Saturday, 23 de November de 2024 ISSN 1519-7670 - Ano 24 - nº 1315

Como se preparar para uma carreira no jornalismo internacional

Em visita ao Labjor, a jornalista Meghie Rodrigues falou sobre suas dificuldades em entrar no mercado de trabalho brasileiro – e como isso abriu portas para uma carreira internacional.

“Por que não existe primeira-feira?”

Foi assim, reproduzindo a fala de uma criança, que a jornalista Meghie Rodrigues começou a conversar com os integrantes do Labjor, no dia 4 de setembro.
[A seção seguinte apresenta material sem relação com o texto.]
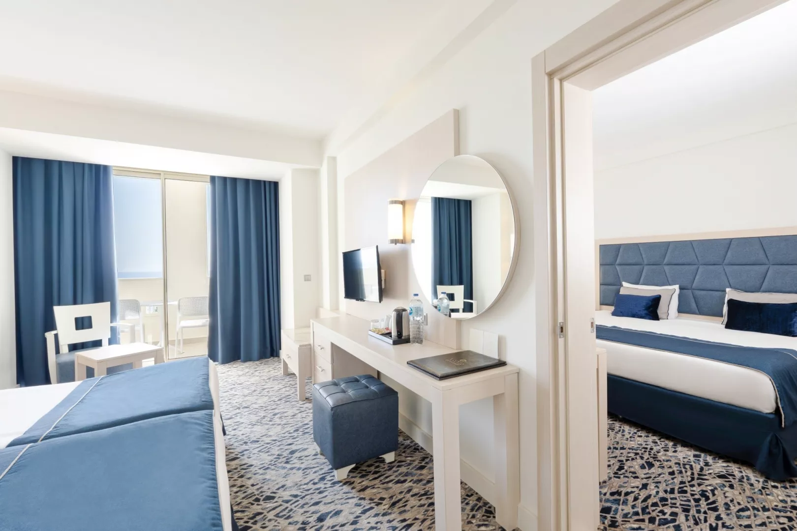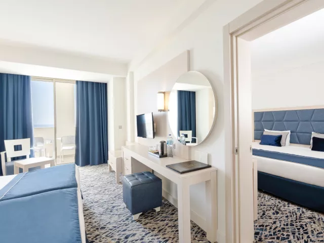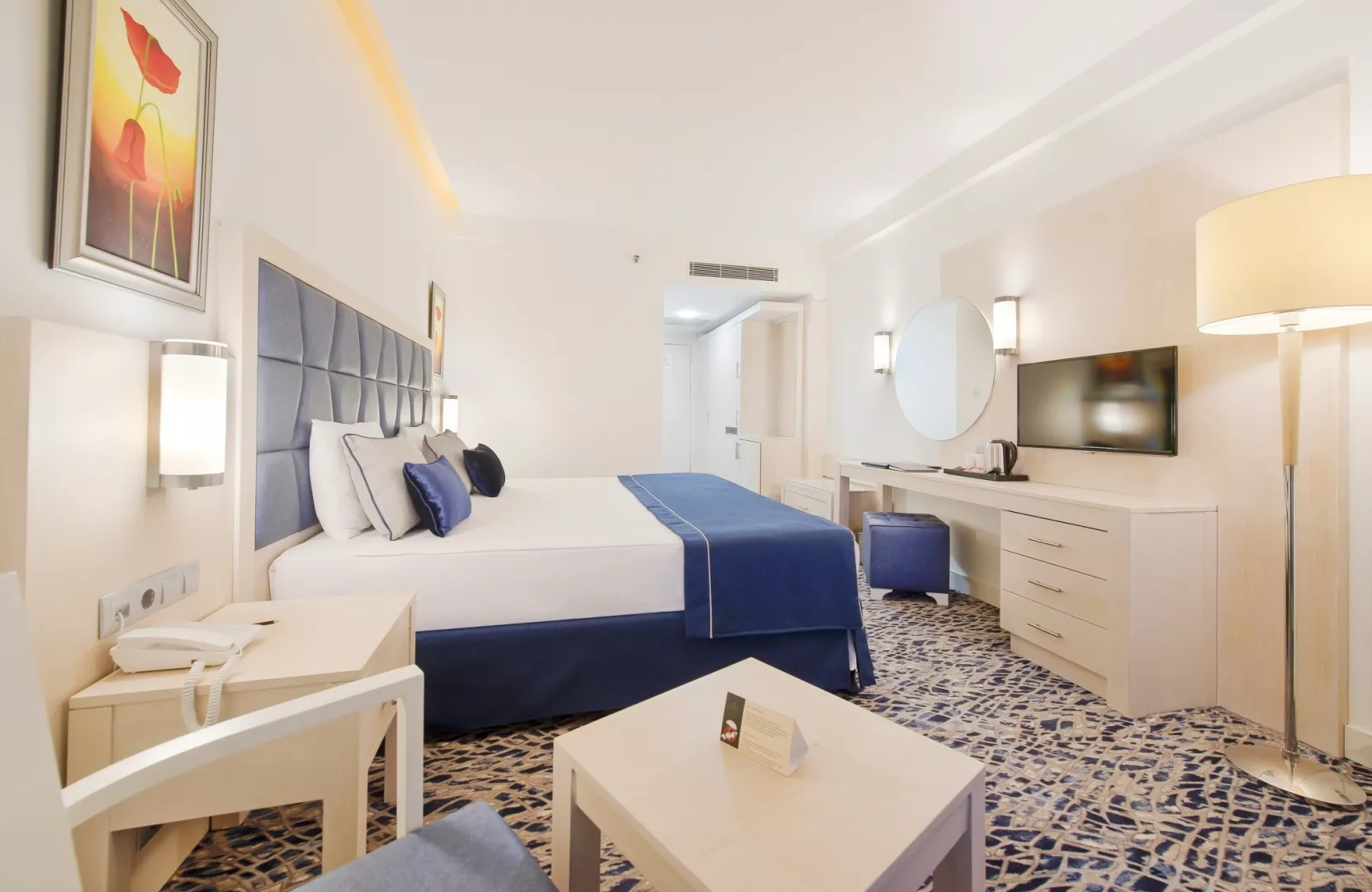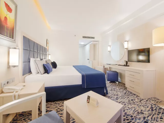 Dvojlôžková izba, Superior centrálne ovládateľná klimatizácia telefón LCD TV so satelitným príjmom minibar (nealkoholické nápoje a pivo po príchode) Wi-Fi (zadarmo) set na prípravu kávy a čaju vlastné sociálne zariadenie (kúpeľňa, sušič vlasov, WC) trezor (zadarmo) balkón Ostatné typy izieb (pokiaľ nie je uvedené inak, majú izby vyššie uvedené vybavenie) Dvojlôžková izba, Superior, strana k moru Rodinná izba, 2 spálne, prepojené, výhľad do záhrady: 2 prepojené izby Rodinná izba, 2 spálne, prepojené, strana k moru: 2 prepojené izby Na vyžiadanie je dvojlôžková izba prispôsobená pre klientov so zdravotným postihnutím. Bezbariérový pohyb v areáli hotela.
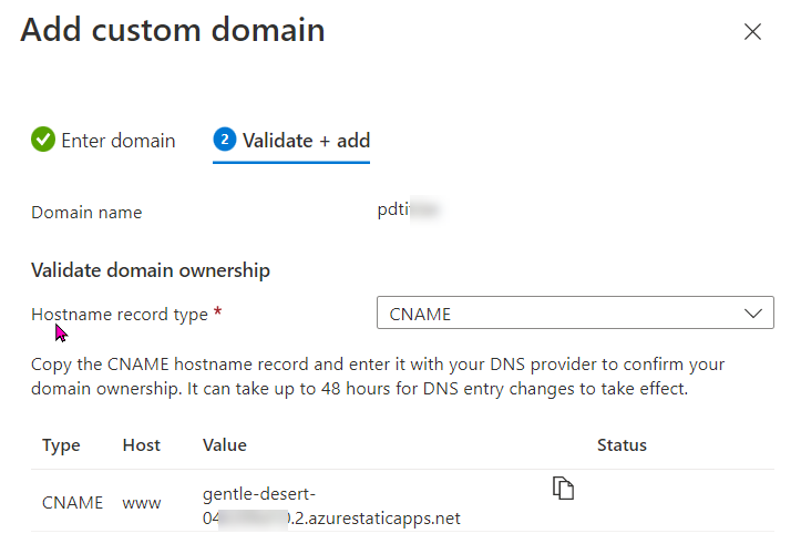- Add the custom domain name, and copy the CName record details over into your actual DNS hosting solution management portal. Once this is done, head back over to this Azure Custom Domain blade and confirm the domain validation. Note - depending on the DNS provider of use, this might take up to several hours. Mostly, this will only be a few minutes though.
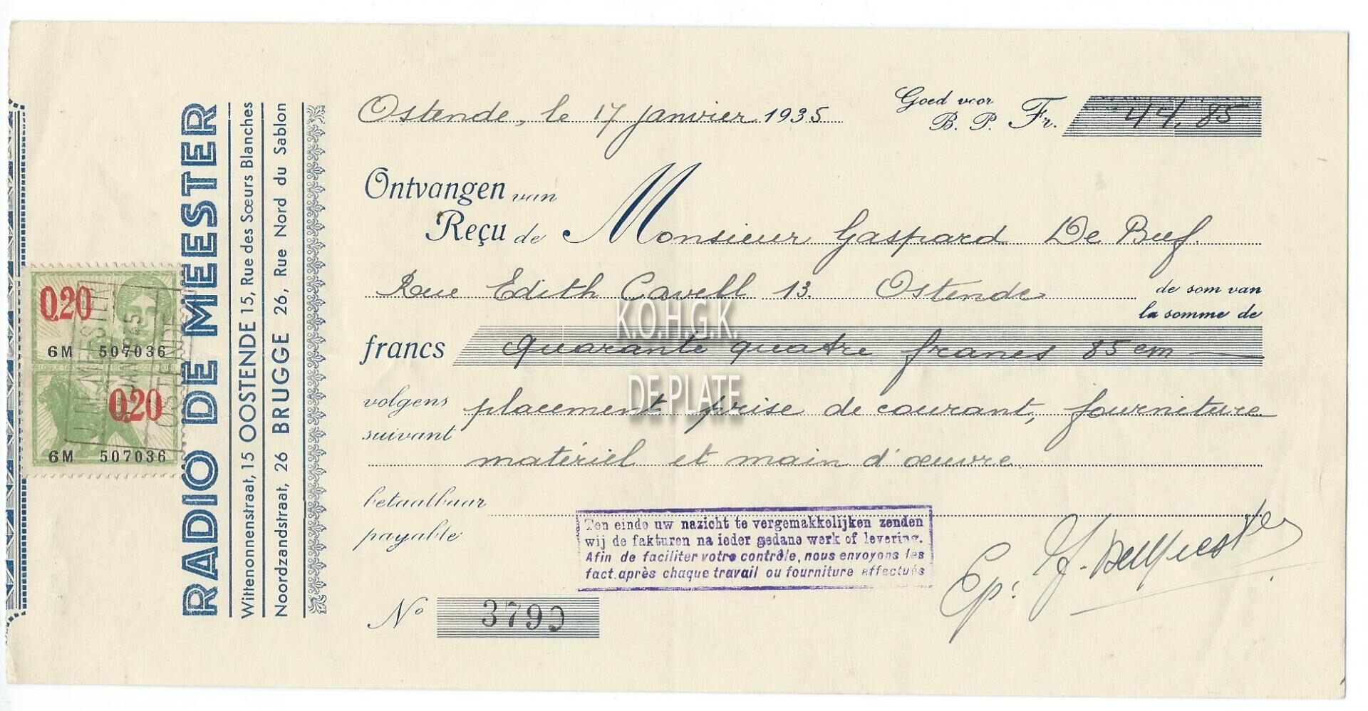 Trefwoorden HANDEL ; ONTVANGSTBEWIJZEN RADIO DE MEESTER (RADIOHANDEL) WITTENONNENSTRAAT Plaatskenmerk ARCHIEF 110 ARCHIEFDOOS HANDEL Inventarisnummers 2014/4464 17/ 01/ 1935 Herkomst HOSTYN NORBERT Print
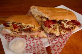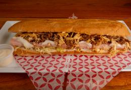 Lechuga, queso, jamón, pollo desmechado, salsa de ajo y showy.
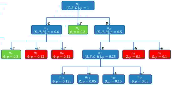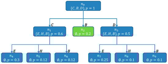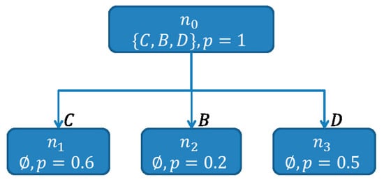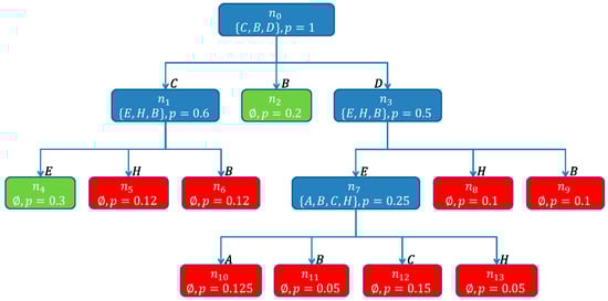 The label of a node is a set of components. The label of an edge is a single component. Each path from the root of the SHSDAG to a node, labeled as , is a minimal hitting set. The score for a path is calculated by multiplying the a priori failure probabilities or when available the suspicion scores of each component . These scores have the character of a pseudo probability. To reduce the size of the SHSDAG and to ensure that only minimal hitting sets are being computed, additional to the algorithm above, the following node-reuse and node-termination rules are being used.

Demonstrando seu interesse pelas ciências e o comprometimento com a clareza na divulgação da informação, a mineira de fala firme e assertiva contou sobre sua carreira e o laborioso passo a passo para se tornar repórter colaboradora da Nature.
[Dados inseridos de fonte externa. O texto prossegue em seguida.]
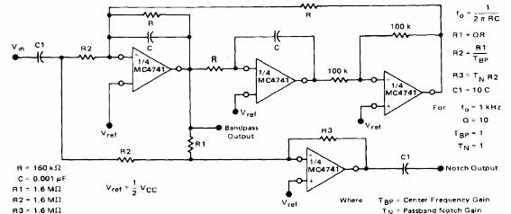 El circuito integrado MC4741 consiste en cuatro amplificadores operacionales similares al 741 en un envoltorio único. El circuito es del Linear Databook de Motorola de 1990 pudiendo ser implementado con operacionales 741 separados. Las fórmulas para calcular los componentes se adjuntan al diagrama.
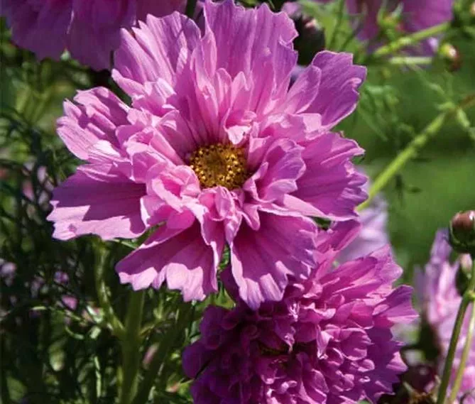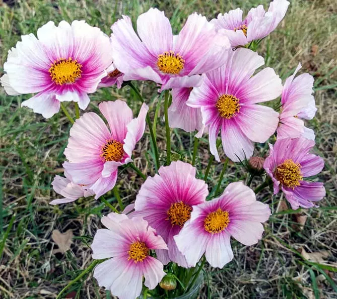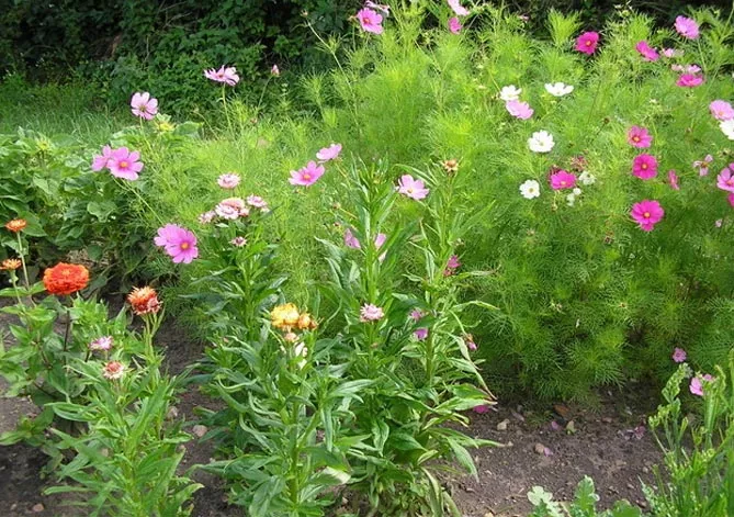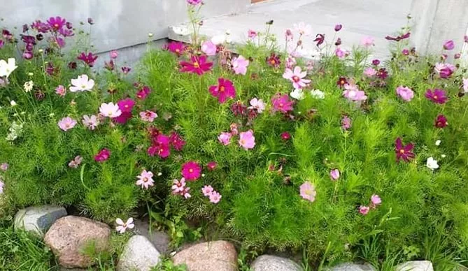 Клумба з космеєю виглядає як зелене небо густо всипане рожевими і білими зірками квітів. Оптимальні умови для розвитку – сонячні позиції і проникні ґрунти.

Meghie iniciou sua trajetória de divulgação científica no projeto Universidade das Crianças, iniciativa vinculada à Universidade Federal de Minas Gerais (UFMG) que existe, segundo Meghie, como uma forma de suprir a carência de museus no entorno de Belo Horizonte. A então recém-formada jornalista trabalhou no projeto por dois anos, enquanto cursava a faculdade de ciências sociais. Ao longo de seu período por lá, trabalhou de maneira multidisciplinar com pessoas das artes, medicina e biologia, fazendo a mediação das ciências com as crianças por meio de formatos variados, como animações e “pílulas de áudio” – o que hoje chamaríamos de mini podcasts.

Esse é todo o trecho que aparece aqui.